Quick calculus help needed

zgl

United States1055 Posts

July 05 2010 02:05 GMT

Been too long since I did calc, and I am stumped on this one:

Indefinite integral of f'(x) / f(x) dx

The answer is supposed to be log(f(x)) ?

I tried integration by parts with
u = 1 / f(x)
du = - f'(x) / (f(x)^2) dx
dv = f'(x) dx
v = f(x)

uv - integral( v du ) = f(x)/f(x) - integral( - f'(x)/f(x) dx ) = 1 + integral ( f'(x)/f(x) dx )

This gives 0 = 1 wtf...

edit: can someone also explain where is the mistake that caused 0 = 1 ??

edit 2 : found solution yay <3 wikipedia

d/dx ( ln ( f(x) ) = f'(x) / f(x)
and take integral of both sides

xmShake

United States1100 Posts

July 05 2010 02:08 GMT

Let me give this another go.

Derivative of ln(f(x)) = f '(x) / f (x)
Integral of f '(x) / f (x) = ln | f(x) |

zgl

United States1055 Posts

July 05 2010 02:10 GMT

Can you explain why? Do I need differential equations to solve this? I don't remember any of it >_<

Cloud

Sexico5880 Posts

July 05 2010 02:10 GMT

log is ln in some books. Read on logarithmic functions.

gamecrazy

United States421 Posts

July 05 2010 02:12 GMT

I'd start with v = 1/ f(x)
That would make dv = ln f(x)

u = f'(x)
du = f''(x)

f'(x) ln f(x) - int( f ''(x) / f(x) )

Yeah i don't know what i'm doing either.. XD

edit: Lol y didn't i think of that....

d/dx ln( f(x)) = f'(x)/ f(x)

that was obvious

toopham

United States551 Posts

July 05 2010 02:15 GMT

the answer is log(f(x))

its call the chainrule.

zgl

United States1055 Posts

July 05 2010 02:17 GMT

Yeah.
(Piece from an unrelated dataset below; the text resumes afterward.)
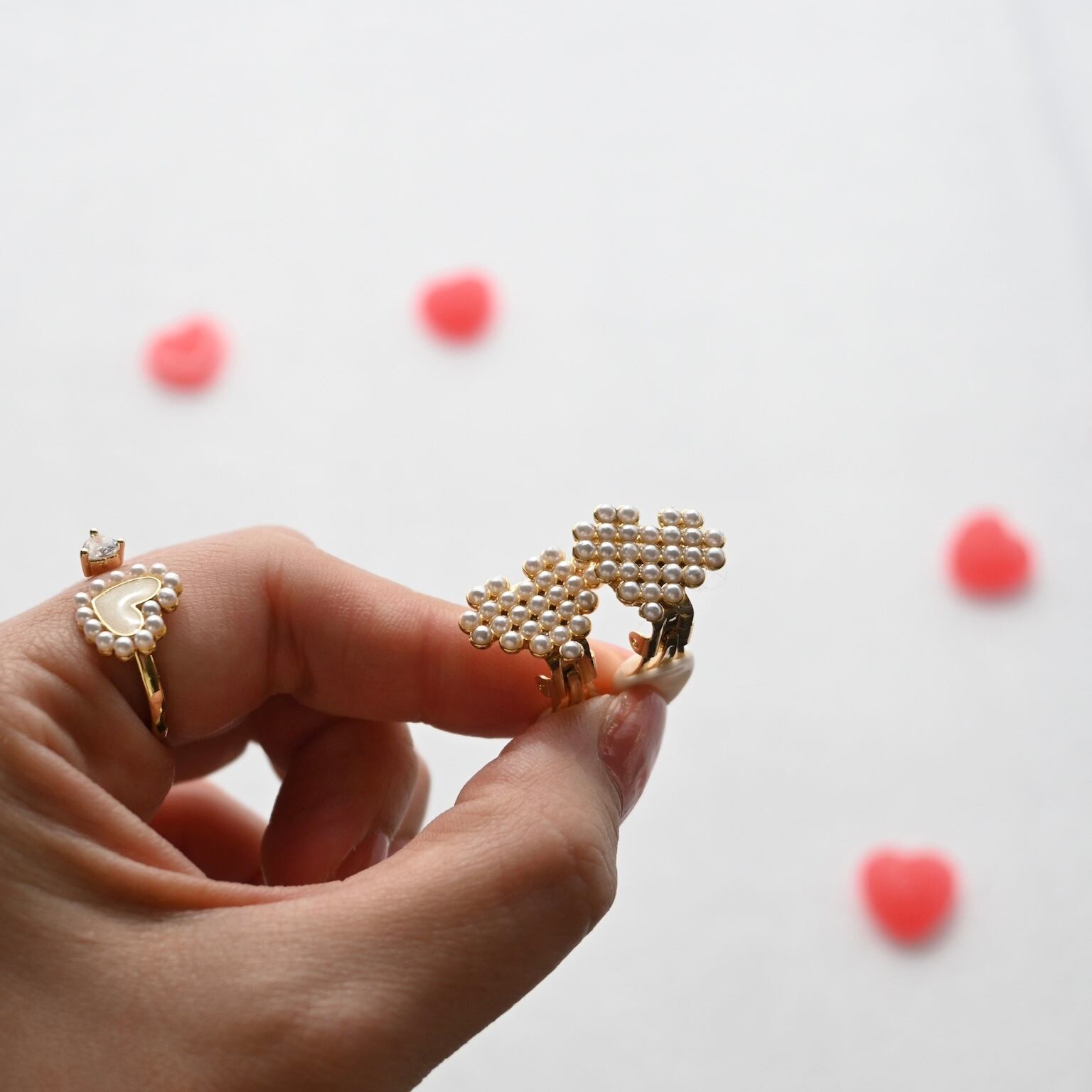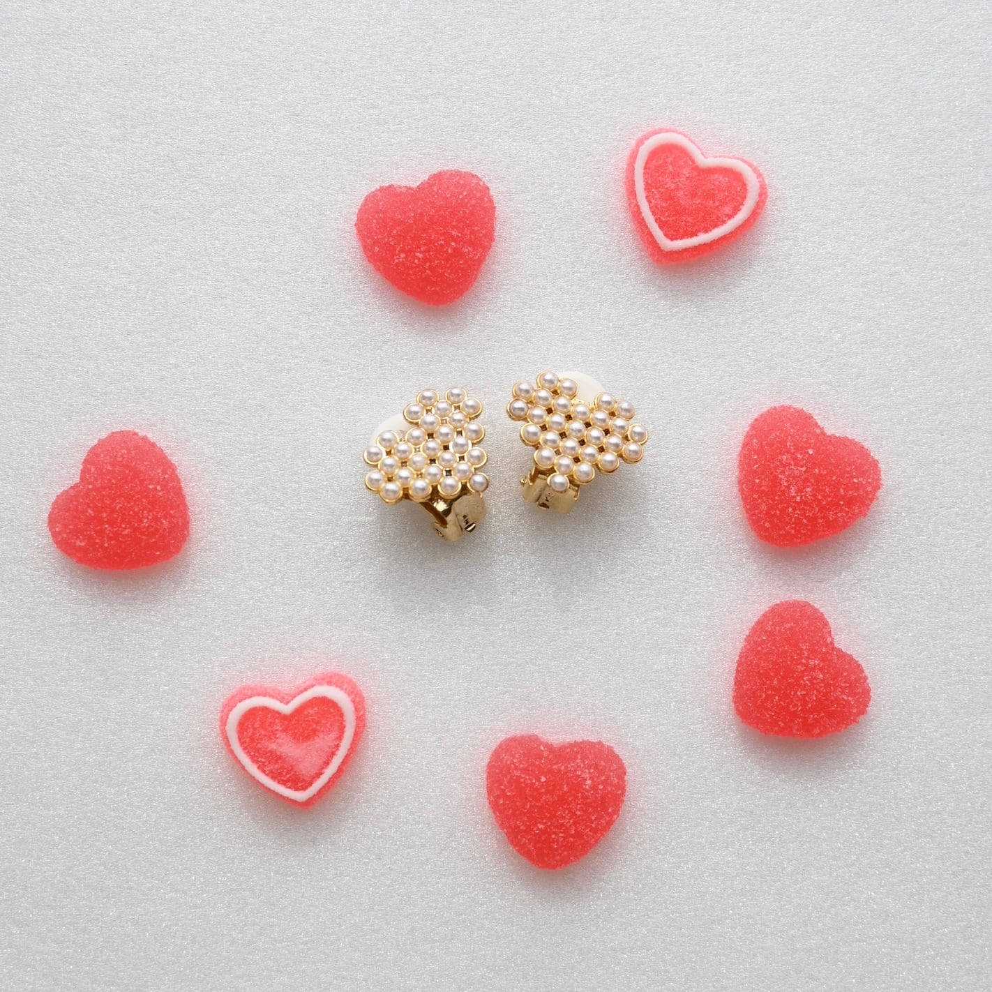 砂糖菓子のようにきらめくハートモチーフのピアス/イヤリングシリーズ。

I just realized how silly it was to try to integrate directly when the answer is given. It would be nice to see how to actually integrate it though...

gamecrazy

United States421 Posts

July 05 2010 02:18 GMT

Seems like a super messy integral to me.

toopham

United States551 Posts

July 05 2010 02:19 GMT

On July 05 2010 11:17 zgl wrote:
Yeah. I just realized how silly it was to try to integrate directly when the answer is given. It would be nice to see how to actually integrate it though...

You look at it and then you say
ohh the answer is log(f(x))

Or you can do the long way.
u = f(x)
du = f'(x) dx
U-substitution you get
integration of (1/u)du
Thus the answer is log(u)
back substitute ---> log(f(x))

Roggles

United States38 Posts

July 05 2010 02:20 GMT

#10

let u = f(x), du = f'(x) dx

then it becomes integral of du / u, which is ln(u) + constant
put u = f(x) back in and there you go

standard u sub ^_^

Cloud

Sexico5880 Posts

July 05 2010 02:22 GMT

#11

There is no actual step to integrate because ln(x) is defined to be the integral of (1/x)dx. It's like oh lets call it ln(x) and afterwards we find that it amazingly follows the laws of any other logarithmic function except that this one has 'e' as its base.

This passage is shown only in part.